__What you are asked to do__:
Restate every record word for word, without the pictures.

═════ Dataset

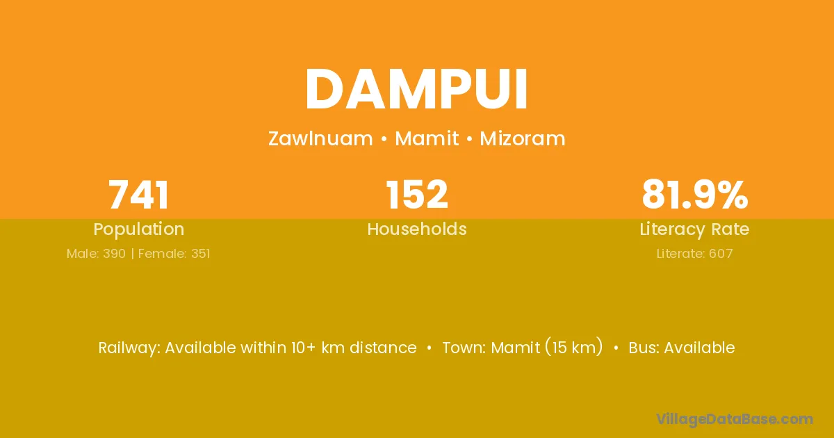 Mamit (15 km) is the nearest town to Dampui village for major economic activities and is located approximately 15 km away.
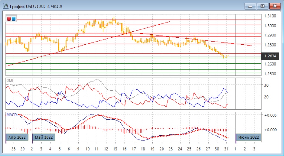 На четырёхчасовом графике произошёл небольшой отскок вверх от уровня поддержки 1,2655, но он пока не получил развития. Пара остаётся ниже ближайшего сопротивления на 1,2700. До этого размер волны снижения без коррекций достиг 200 пунктов, что для этого масштаба много. Отсутствие заметной коррекции сейчас является медвежьим сигналом: поддержка для пары сейчас слабая и направлением наименьшего сопротивления является снижение. По индикаторам направленного движения тенденцией является снижение: DM- значительно выше DM+ при относительно высоком уровне ADX, гистограмма MACD остаётся в отрицательной зоне, линия MACD имеет отрицательный наклон.
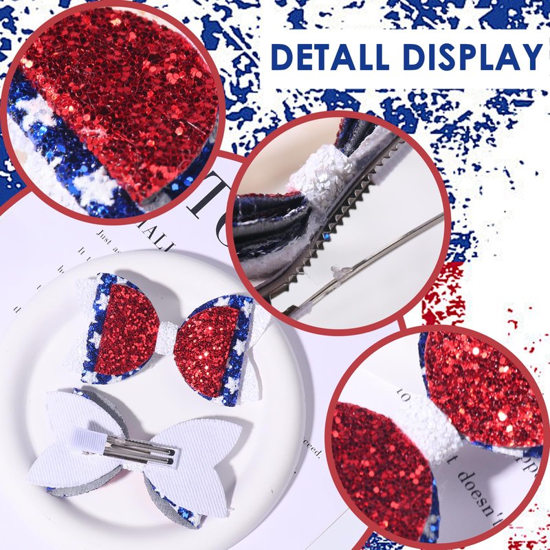 - 【Unique design】 : The Independence Day hair clip features a stylish sequin bow in red, white and blue, make you more eye-catching and attractive. Unique designs make it easy to DIY holiday outfits and hairstyles that will make you stand out in a parade or Fourth of July event.
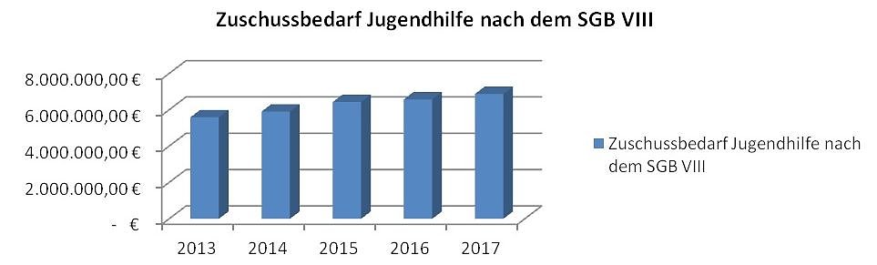 Der Zuschussbedarf in der Jugendhilfe nach dem SGB VIII ist in den zurückliegenden fünf Jahren um 1,3 Mio. bzw. 23 % angestiegen, insbesondere bei den Hilfen zur Erziehung und der Eingliederungshilfe.
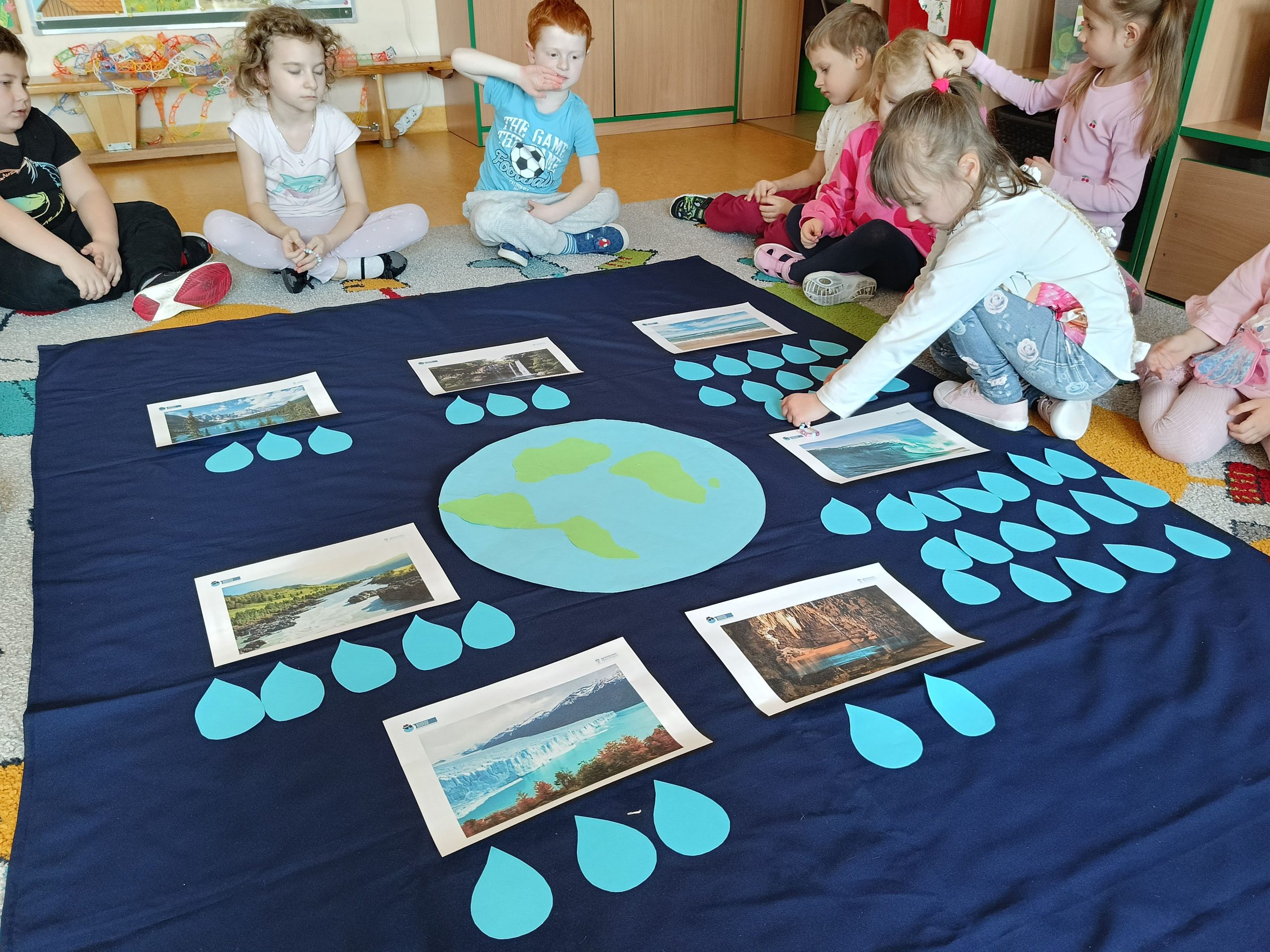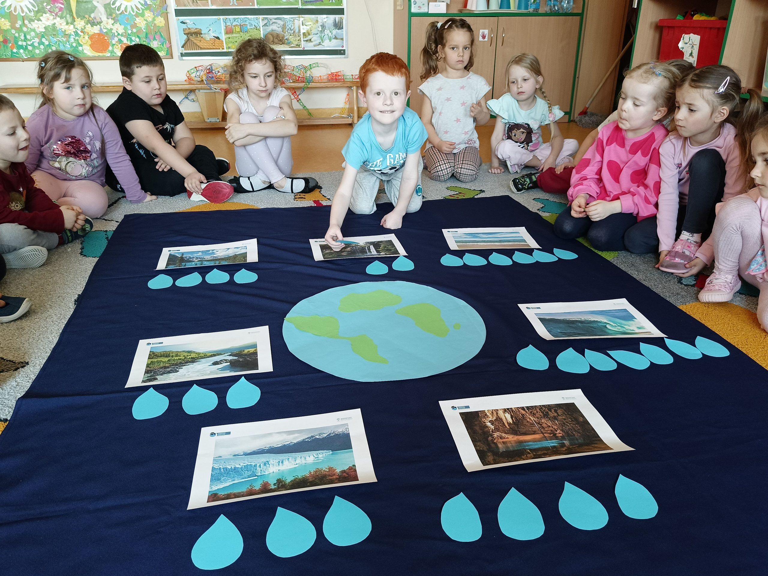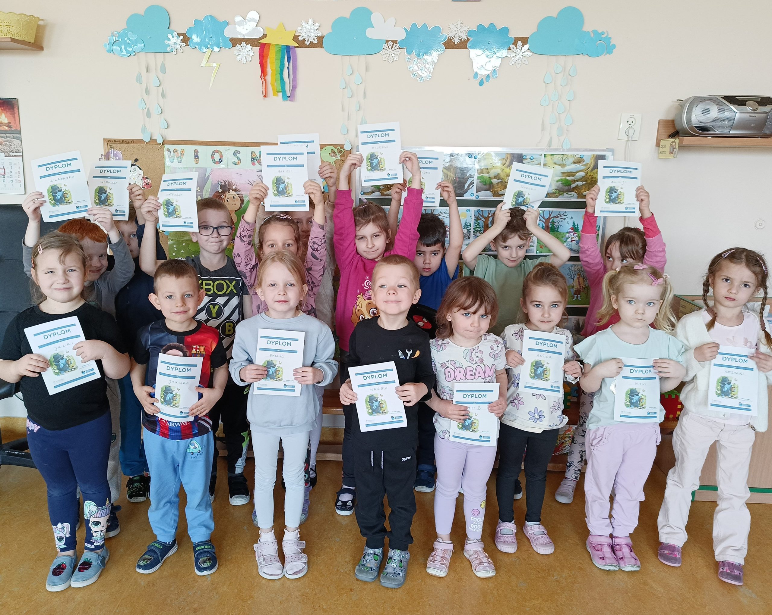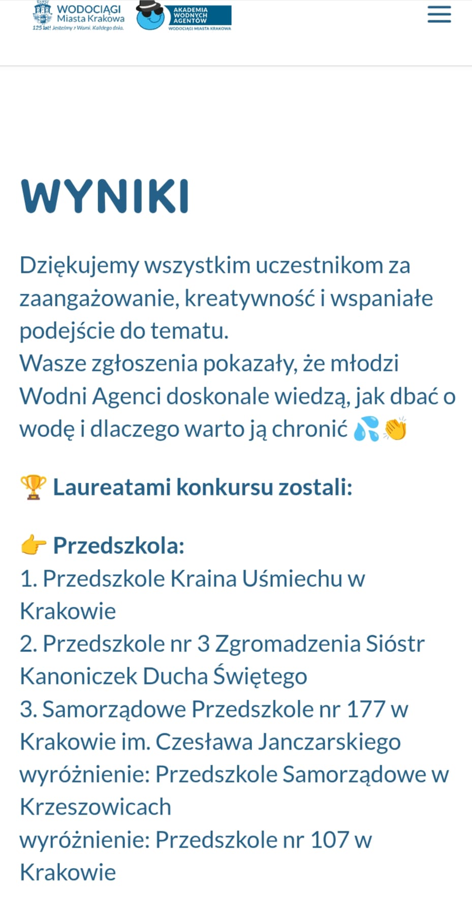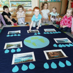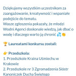 „Akademia Wodnych Agentów” to nowatorski program edukacyjny skierowany do krakowskich przedszkoli oraz klas szkół podstawowych. Inicjatywa zamienia naukę o wodzie w angażującą, interaktywną przygodę, odpowiadającą na współczesne wyzwania klimatyczne. W trakcie zajęć Jeżyki wcieliły się w rolę Wodnych Agentów, odkrywając tajemnice „błękitnego złota” i uczyły się, jak dbać o zasoby wodne w codziennym życiu. Nasza grupa bardzo chętnie zrealizowała następujące zadania: pierwszym zadaniem Agentów była obserwacja wody na Ziemi, następnie odnalezienie wody pitnej na Ziemi. Dzieci określały również jak można oszczędzać wodę w domu. Ustaliły, dlaczego woda pitna jest tak ważna. Na zakończenie misji wszyscy otrzymali dyplom małego Agenta Agencji Ochrony Wody i zostało im powierzone bardzo ważne zadanie, żeby same oszczędzały wodę oraz pokazały innym – mamom, tatom, rodzeństwu – jak to robić.
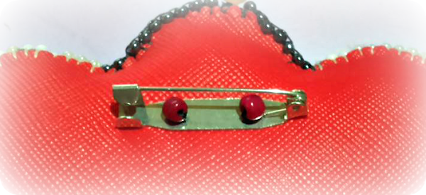 De esta manera , si con el uso se rompiera el hilo en algún punto del broche, no pasaría a males mayores pues los hilos está todos pegado por detrás, simplemente se arregla es desperfecto con unas puntaditas y el abalorio que se ha soltado y arreglado.
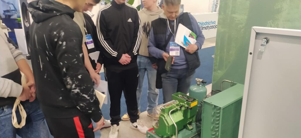 W dniu 21 maja 2025 r. uczniowie klas : 1G , 2C i 3C kształcący się w zawodzie technik chłodnictwa i klimatyzacji wraz z opiekunami panami Marcinem Przygodą i Tomaszem Wójtowiczem uczestniczyli w premierowej edycji Międzynarodowych Targów Technologii Chłodniczej. COLD-TECH Poland to kluczowe wydarzenie branżowe prezentujące technologie chłodnicze dla przemysłu ciężkiego, maszynowego i przetwórczego. Pozwala poznać innowacje w klimatyzacji budynków, chłodzeniu transportu, automatyzacji systemów oraz rozwiązania dla efektywności energetycznej.
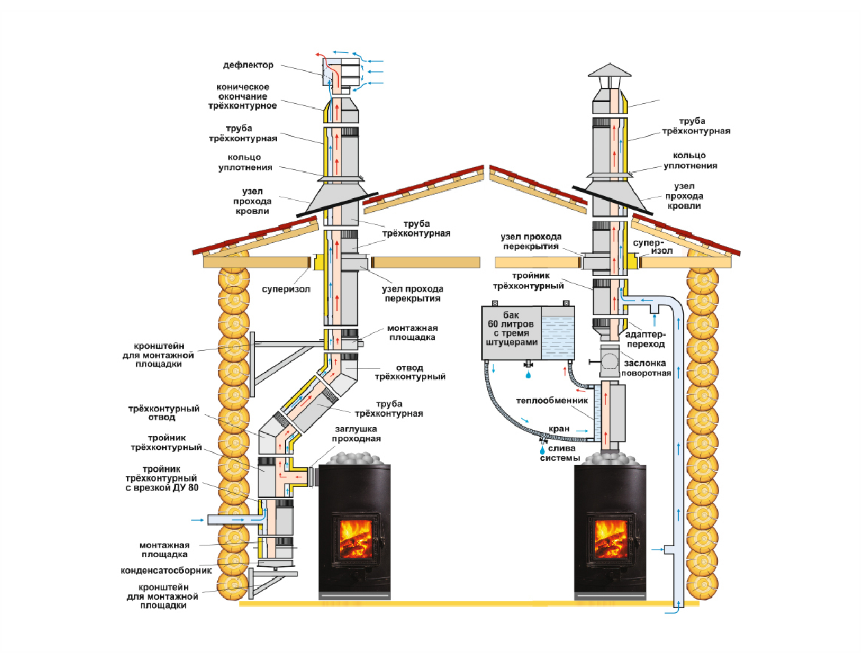 Дымоход обеспечивает тягу, от которой зависит процесс горения топлива

══════════

__Task output__:
 Mamit (15 km) is the nearest town to Dampui village for major economic activities and is located approximately 15 km away.
 На четырёхчасовом графике произошёл небольшой отскок вверх от уровня поддержки 1,2655, но он пока не получил развития. Пара остаётся ниже ближайшего сопротивления на 1,2700. До этого размер волны снижения без коррекций достиг 200 пунктов, что для этого масштаба много. Отсутствие заметной коррекции сейчас является медвежьим сигналом: поддержка для пары сейчас слабая и направлением наименьшего сопротивления является снижение. По индикаторам направленного движения тенденцией является снижение: DM- значительно выше DM+ при относительно высоком уровне ADX, гистограмма MACD остаётся в отрицательной зоне, линия MACD имеет отрицательный наклон.
 - 【Unique design】 : The Independence Day hair clip features a stylish sequin bow in red, white and blue, make you more eye-catching and attractive. Unique designs make it easy to DIY holiday outfits and hairstyles that will make you stand out in a parade or Fourth of July event.
 Der Zuschussbedarf in der Jugendhilfe nach dem SGB VIII ist in den zurückliegenden fünf Jahren um 1,3 Mio. bzw. 23 % angestiegen, insbesondere bei den Hilfen zur Erziehung und der Eingliederungshilfe.
 „Akademia Wodnych Agentów” to nowatorski program edukacyjny skierowany do krakowskich przedszkoli oraz klas szkół podstawowych. Inicjatywa zamienia naukę o wodzie w angażującą, interaktywną przygodę, odpowiadającą na współczesne wyzwania klimatyczne. W trakcie zajęć Jeżyki wcieliły się w rolę Wodnych Agentów, odkrywając tajemnice „błękitnego złota” i uczyły się, jak dbać o zasoby wodne w codziennym życiu. Nasza grupa bardzo chętnie zrealizowała następujące zadania: pierwszym zadaniem Agentów była obserwacja wody na Ziemi, następnie odnalezienie wody pitnej na Ziemi. Dzieci określały również jak można oszczędzać wodę w domu. Ustaliły, dlaczego woda pitna jest tak ważna. Na zakończenie misji wszyscy otrzymali dyplom małego Agenta Agencji Ochrony Wody i zostało im powierzone bardzo ważne zadanie, żeby same oszczędzały wodę oraz pokazały innym – mamom, tatom, rodzeństwu – jak to robić.
 De esta manera , si con el uso se rompiera el hilo en algún punto del broche, no pasaría a males mayores pues los hilos está todos pegado por detrás, simplemente se arregla es desperfecto con unas puntaditas y el abalorio que se ha soltado y arreglado.
 W dniu 21 maja 2025 r. uczniowie klas : 1G , 2C i 3C kształcący się w zawodzie technik chłodnictwa i klimatyzacji wraz z opiekunami panami Marcinem Przygodą i Tomaszem Wójtowiczem uczestniczyli w premierowej edycji Międzynarodowych Targów Technologii Chłodniczej. COLD-TECH Poland to kluczowe wydarzenie branżowe prezentujące technologie chłodnicze dla przemysłu ciężkiego, maszynowego i przetwórczego. Pozwala poznać innowacje w klimatyzacji budynków, chłodzeniu transportu, automatyzacji systemów oraz rozwiązania dla efektywności energetycznej.
 Дымоход обеспечивает тягу, от которой зависит процесс горения топлива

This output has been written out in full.